● TASK: In the material below, the lines from the one containing "Minjee Lee (Western Australia)" through the one containing "Magnifying Lamp on Wheel" are to be given again exactly, ends included, and no others.

● EXERCISE MATERIALS:

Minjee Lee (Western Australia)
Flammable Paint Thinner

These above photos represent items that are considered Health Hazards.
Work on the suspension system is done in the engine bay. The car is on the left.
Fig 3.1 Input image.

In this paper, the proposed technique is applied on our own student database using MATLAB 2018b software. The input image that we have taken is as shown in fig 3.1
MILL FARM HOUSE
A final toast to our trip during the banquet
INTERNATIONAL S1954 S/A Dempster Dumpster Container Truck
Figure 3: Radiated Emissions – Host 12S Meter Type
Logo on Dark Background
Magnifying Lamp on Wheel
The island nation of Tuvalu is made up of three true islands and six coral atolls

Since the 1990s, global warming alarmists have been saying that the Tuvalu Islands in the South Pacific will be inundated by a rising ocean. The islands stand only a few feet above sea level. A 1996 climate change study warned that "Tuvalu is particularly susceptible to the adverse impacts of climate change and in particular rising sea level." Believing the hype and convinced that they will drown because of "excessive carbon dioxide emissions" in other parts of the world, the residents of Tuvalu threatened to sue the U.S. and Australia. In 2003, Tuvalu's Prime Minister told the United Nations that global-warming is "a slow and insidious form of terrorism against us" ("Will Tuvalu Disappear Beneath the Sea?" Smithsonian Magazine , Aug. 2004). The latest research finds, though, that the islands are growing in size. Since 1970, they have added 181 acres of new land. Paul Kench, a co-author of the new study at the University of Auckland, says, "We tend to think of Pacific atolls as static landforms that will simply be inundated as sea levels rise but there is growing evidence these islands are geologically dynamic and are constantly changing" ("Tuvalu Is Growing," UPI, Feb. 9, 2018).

* * *

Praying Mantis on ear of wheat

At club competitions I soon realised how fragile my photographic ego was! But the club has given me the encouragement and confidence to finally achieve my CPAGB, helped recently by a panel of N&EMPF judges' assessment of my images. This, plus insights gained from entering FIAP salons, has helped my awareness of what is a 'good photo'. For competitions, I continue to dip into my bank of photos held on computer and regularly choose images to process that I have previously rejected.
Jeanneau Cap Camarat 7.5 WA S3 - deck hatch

● TASK RESULT:
Minjee Lee (Western Australia)
Flammable Paint Thinner

These above photos represent items that are considered Health Hazards.
Work on the suspension system is done in the engine bay. The car is on the left.
Fig 3.1 Input image.

In this paper, the proposed technique is applied on our own student database using MATLAB 2018b software. The input image that we have taken is as shown in fig 3.1
MILL FARM HOUSE
A final toast to our trip during the banquet
INTERNATIONAL S1954 S/A Dempster Dumpster Container Truck
Figure 3: Radiated Emissions – Host 12S Meter Type
Logo on Dark Background
Magnifying Lamp on Wheel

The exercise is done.